» **INSTRUCTIONS FOR THE TASK**: Below this line is a listing that includes pictures. Copy exactly, and only, the lines from the one containing "Black and white" through the one containing "Der Erntedankgottesdienst findet"; the pictures do not go in the copy.

» **RECORDS FOR PROCESSING**:
───
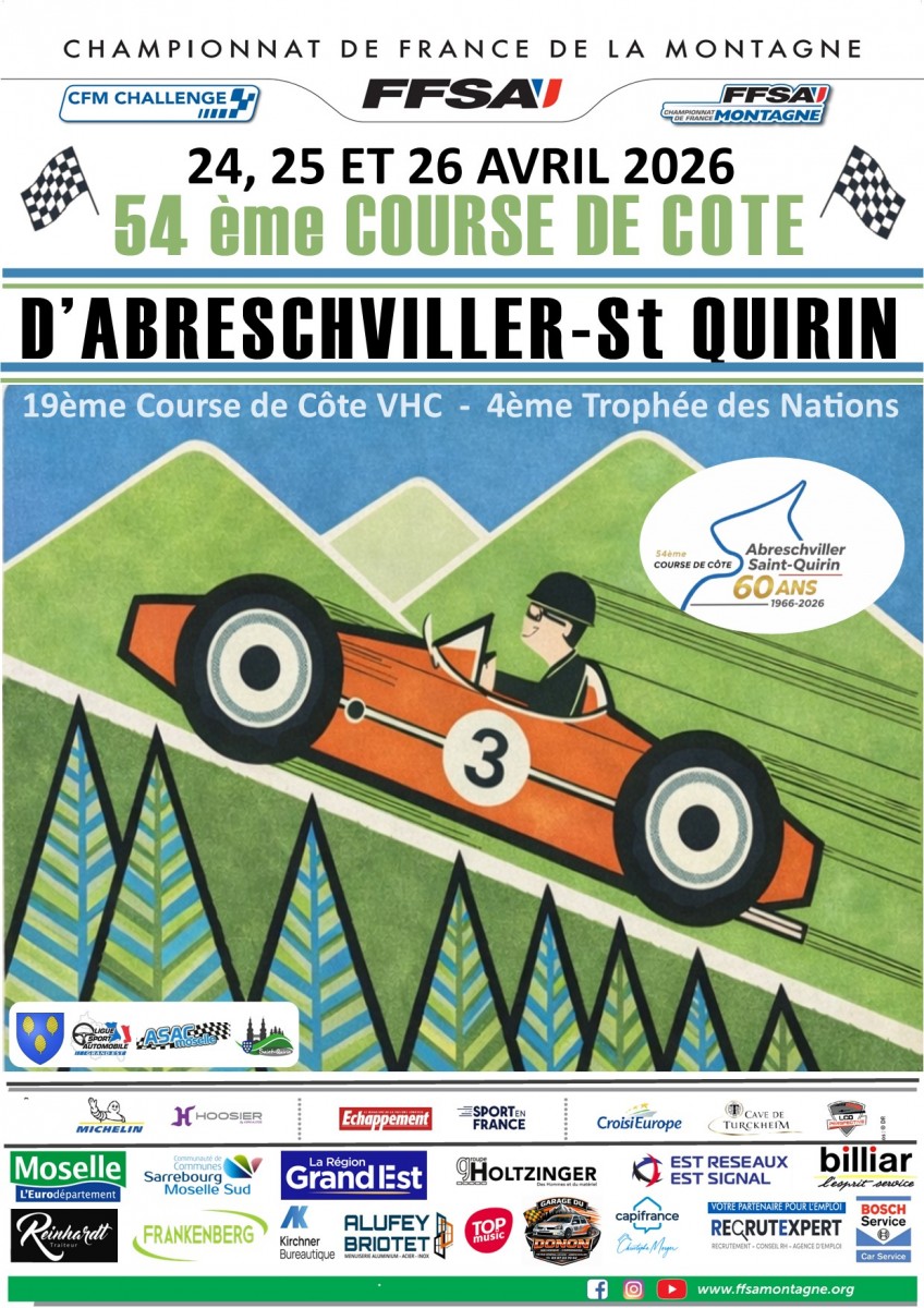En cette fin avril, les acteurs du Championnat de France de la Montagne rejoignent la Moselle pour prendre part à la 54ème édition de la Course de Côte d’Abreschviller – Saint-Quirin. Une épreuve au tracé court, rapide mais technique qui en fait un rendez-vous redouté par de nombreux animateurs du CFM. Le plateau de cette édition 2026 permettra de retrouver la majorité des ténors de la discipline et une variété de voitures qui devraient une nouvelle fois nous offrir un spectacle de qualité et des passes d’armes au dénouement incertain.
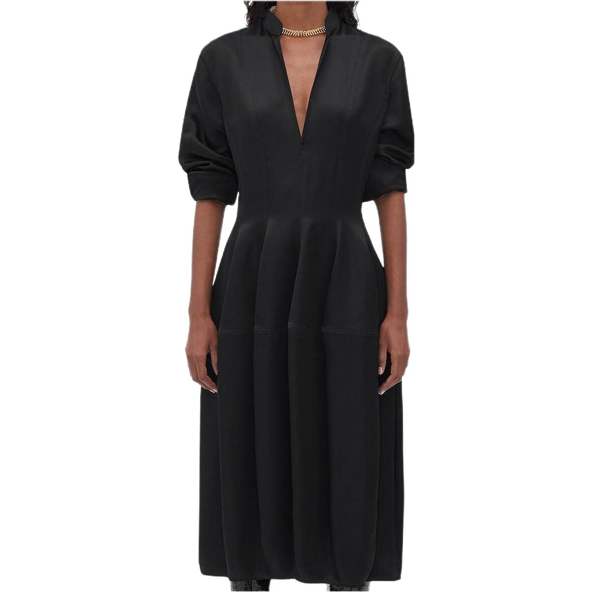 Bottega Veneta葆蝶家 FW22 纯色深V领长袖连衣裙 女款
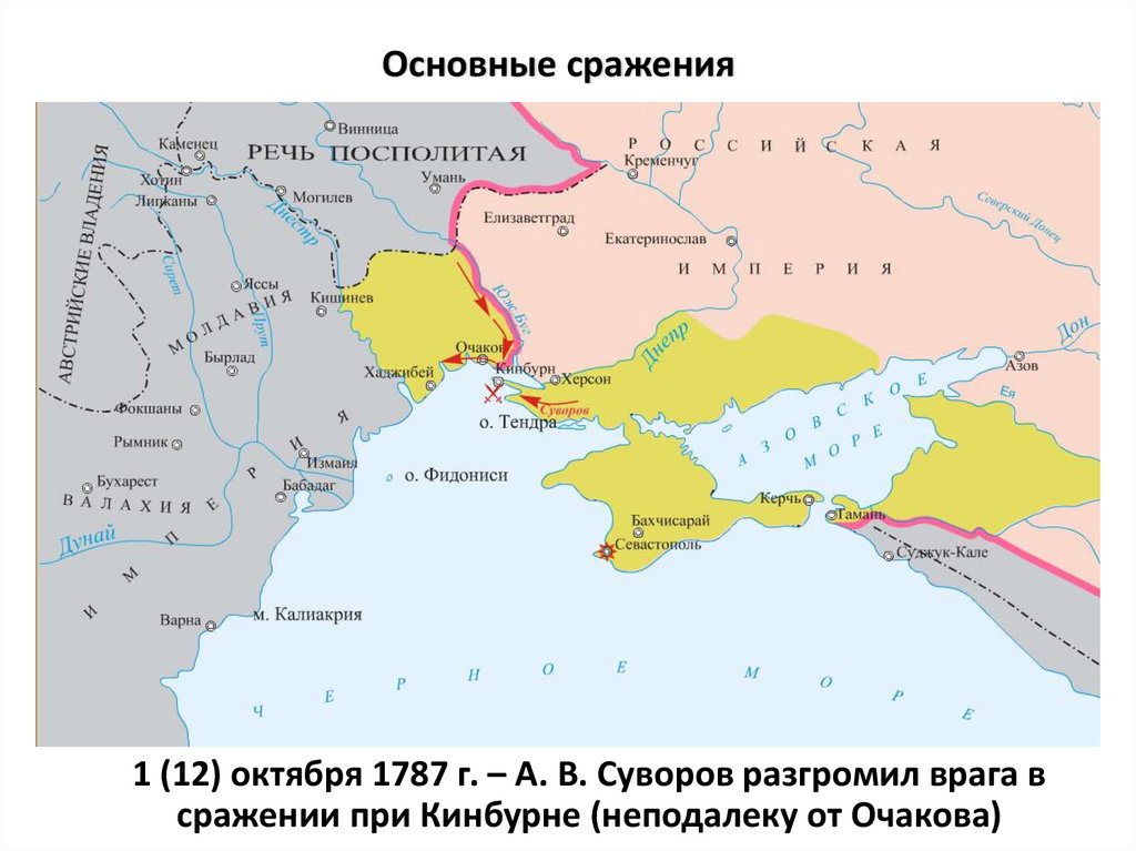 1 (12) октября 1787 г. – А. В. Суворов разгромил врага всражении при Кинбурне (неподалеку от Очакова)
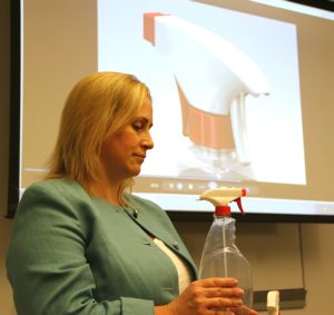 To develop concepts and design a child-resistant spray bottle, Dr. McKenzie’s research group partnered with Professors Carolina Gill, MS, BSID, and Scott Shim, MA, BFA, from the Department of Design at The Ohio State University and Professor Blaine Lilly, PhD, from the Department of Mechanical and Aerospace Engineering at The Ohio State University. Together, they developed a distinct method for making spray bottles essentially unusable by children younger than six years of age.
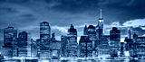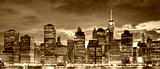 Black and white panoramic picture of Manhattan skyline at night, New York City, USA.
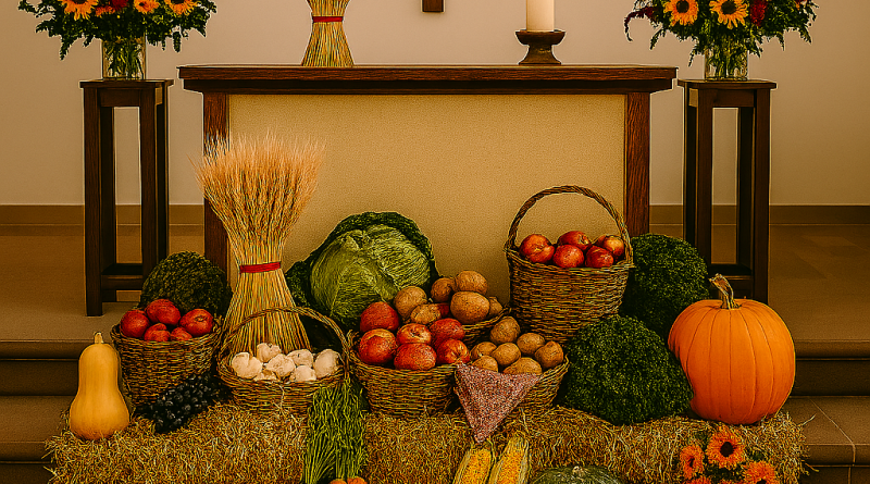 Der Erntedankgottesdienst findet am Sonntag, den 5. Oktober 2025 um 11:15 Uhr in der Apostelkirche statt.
───
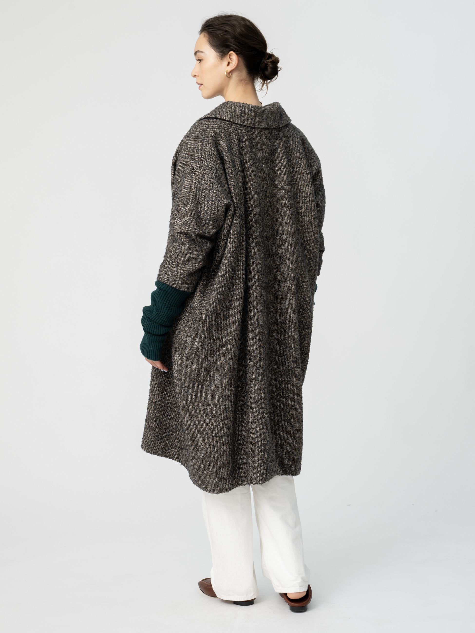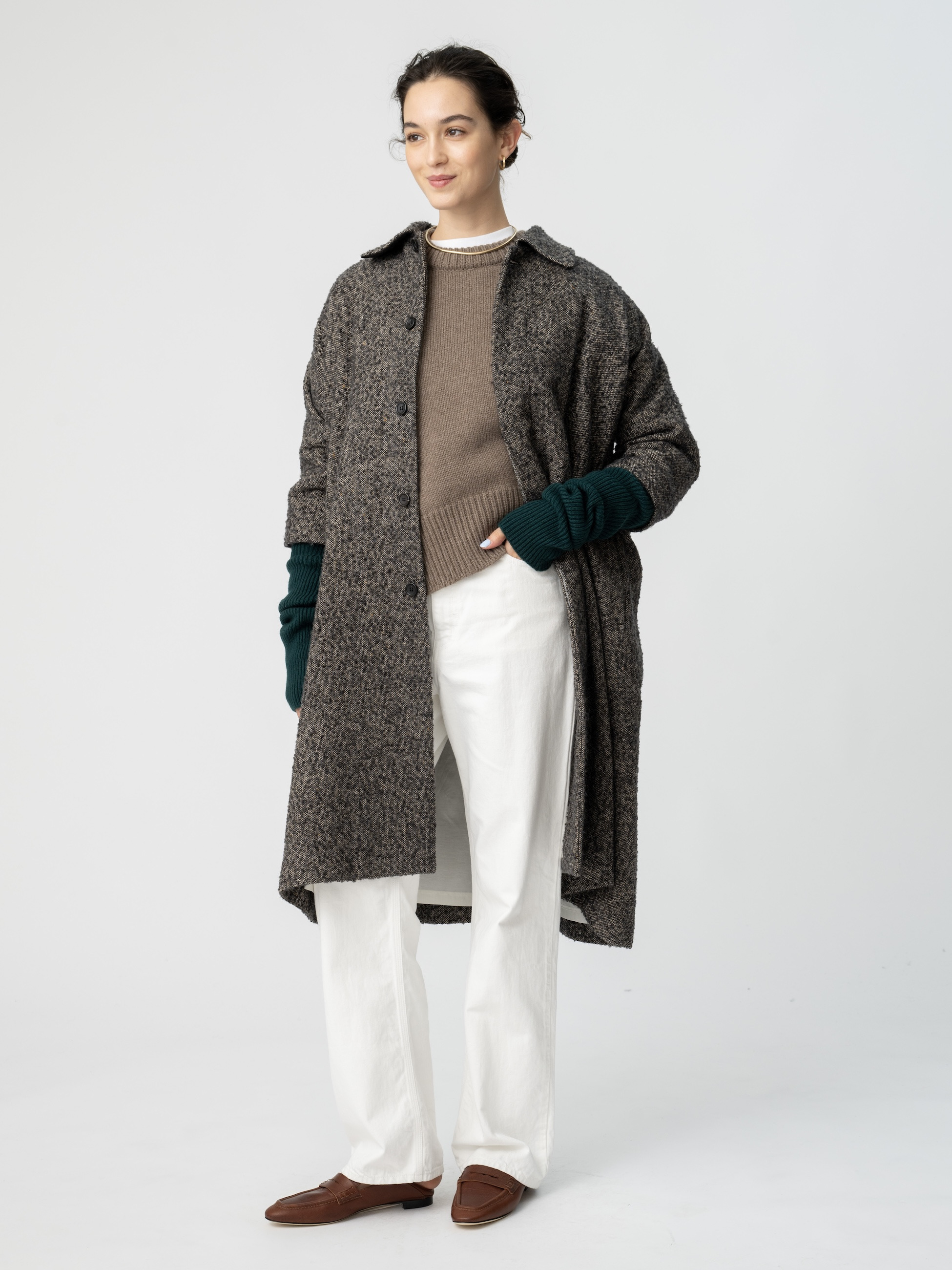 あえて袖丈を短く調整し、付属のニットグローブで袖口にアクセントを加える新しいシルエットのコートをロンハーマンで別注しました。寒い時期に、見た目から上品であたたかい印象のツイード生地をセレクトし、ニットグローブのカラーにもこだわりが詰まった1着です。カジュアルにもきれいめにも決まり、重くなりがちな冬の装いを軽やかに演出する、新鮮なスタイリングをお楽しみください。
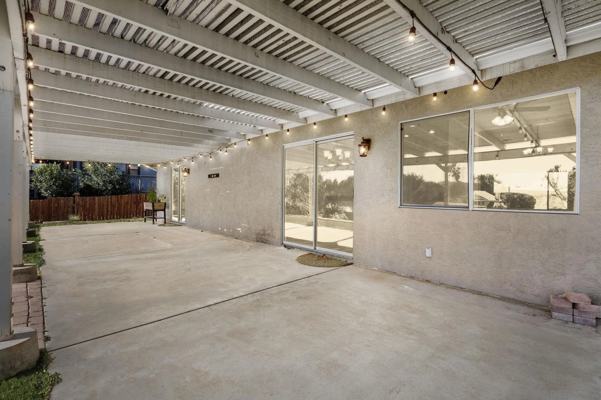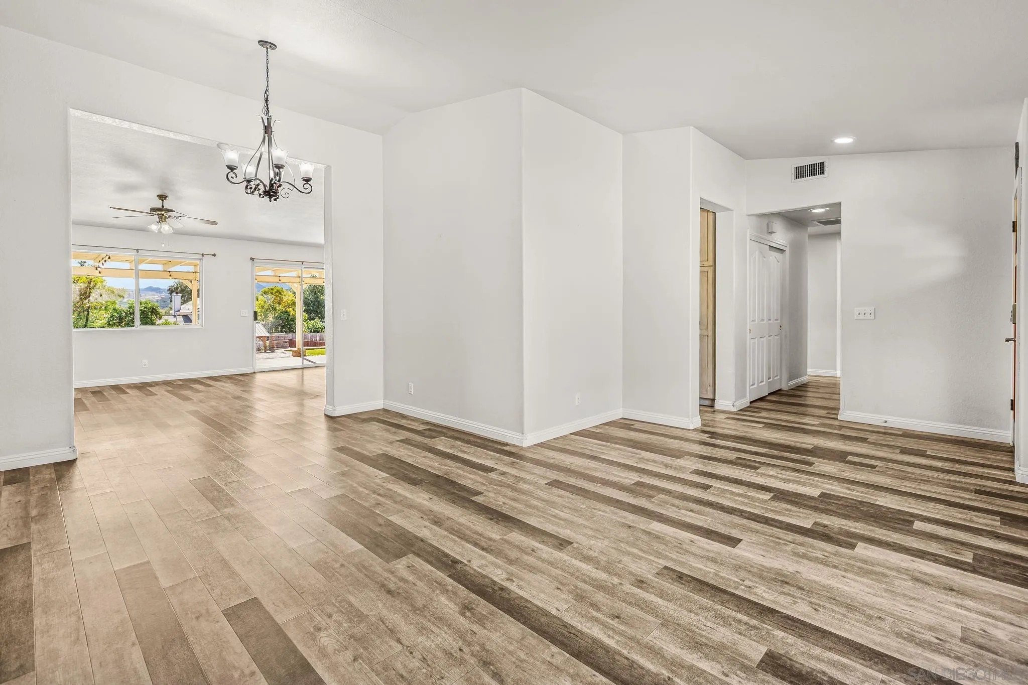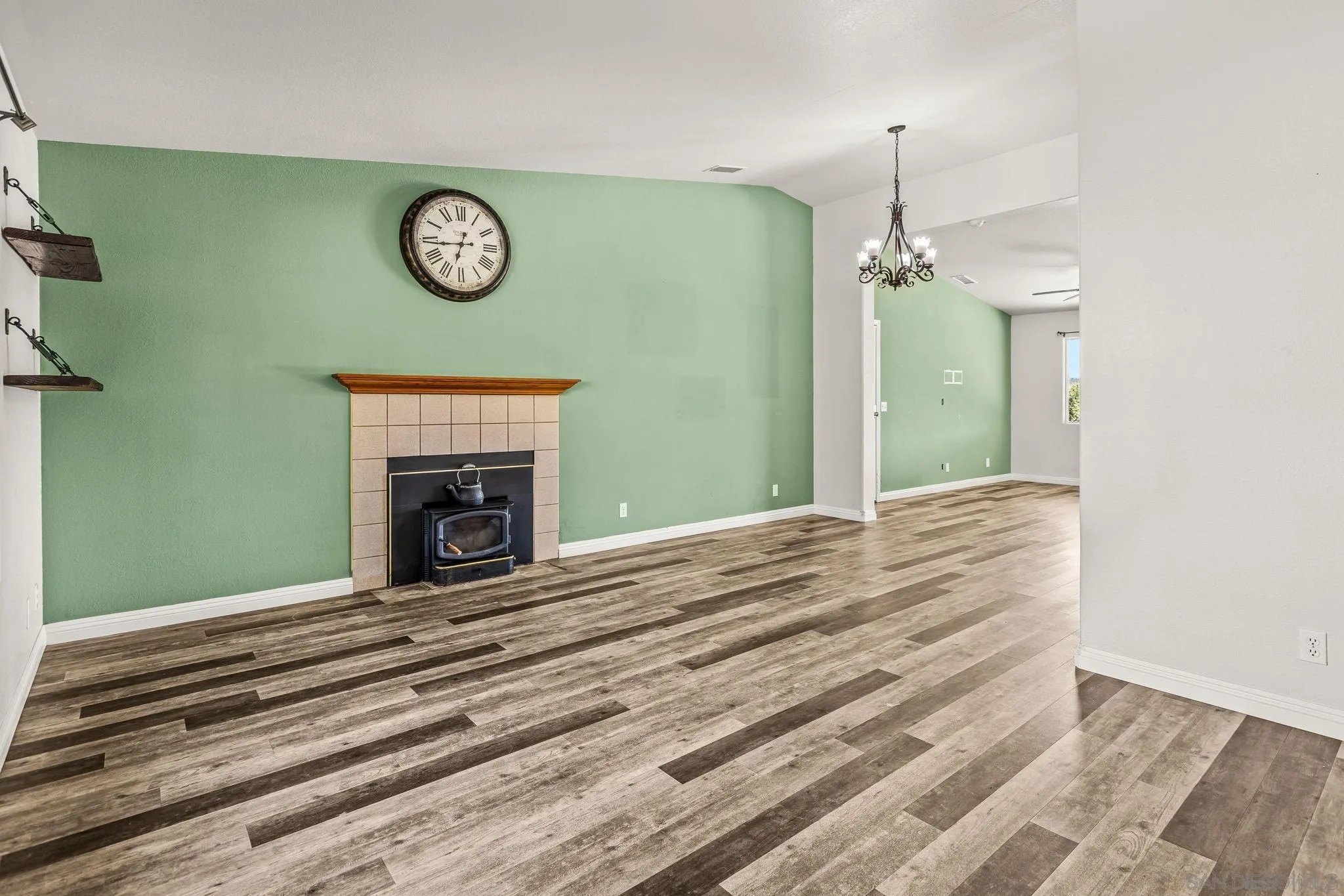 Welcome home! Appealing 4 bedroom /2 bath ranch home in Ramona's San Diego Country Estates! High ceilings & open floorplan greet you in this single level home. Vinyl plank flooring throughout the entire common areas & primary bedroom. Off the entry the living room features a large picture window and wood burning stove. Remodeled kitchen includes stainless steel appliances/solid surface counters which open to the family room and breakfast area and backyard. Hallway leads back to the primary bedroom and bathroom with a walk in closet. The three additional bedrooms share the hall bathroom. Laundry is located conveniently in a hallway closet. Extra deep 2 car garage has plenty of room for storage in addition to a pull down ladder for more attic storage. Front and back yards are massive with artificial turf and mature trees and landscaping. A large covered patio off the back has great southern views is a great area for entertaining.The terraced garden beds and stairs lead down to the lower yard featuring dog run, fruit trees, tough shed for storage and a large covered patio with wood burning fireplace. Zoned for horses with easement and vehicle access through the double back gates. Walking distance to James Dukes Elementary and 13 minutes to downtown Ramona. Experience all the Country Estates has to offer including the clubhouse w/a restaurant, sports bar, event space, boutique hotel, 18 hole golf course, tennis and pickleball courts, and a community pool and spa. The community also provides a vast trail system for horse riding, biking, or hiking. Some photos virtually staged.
───
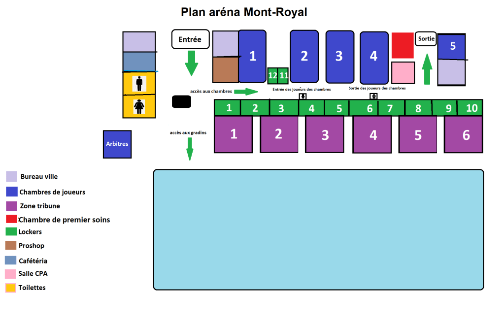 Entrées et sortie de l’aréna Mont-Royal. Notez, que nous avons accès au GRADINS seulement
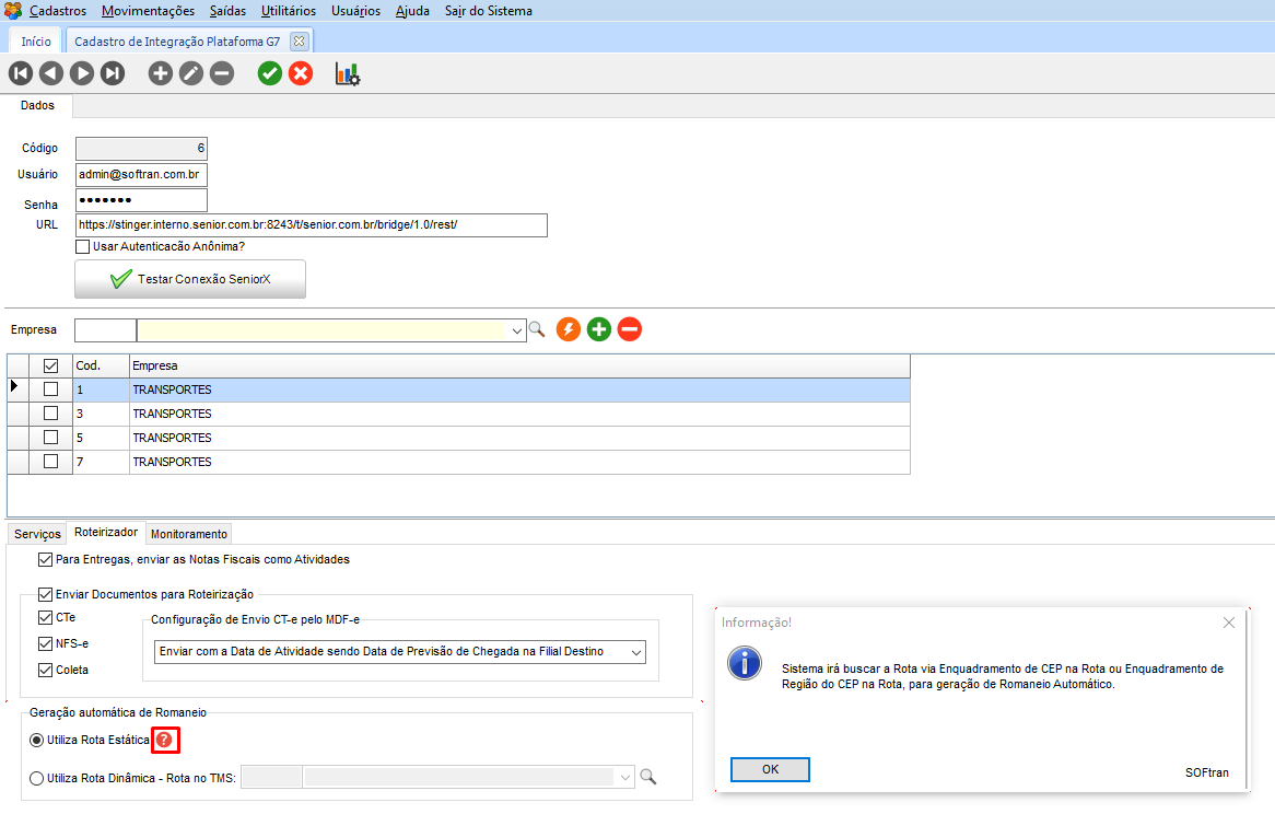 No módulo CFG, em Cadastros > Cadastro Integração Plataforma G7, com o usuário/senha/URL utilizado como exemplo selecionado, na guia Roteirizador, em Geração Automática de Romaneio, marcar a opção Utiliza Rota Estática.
───
» **RESULT OF THE TASK**:
 Black and white panoramic picture of Manhattan skyline at night, New York City, USA.
 Der Erntedankgottesdienst findet am Sonntag, den 5. Oktober 2025 um 11:15 Uhr in der Apostelkirche statt.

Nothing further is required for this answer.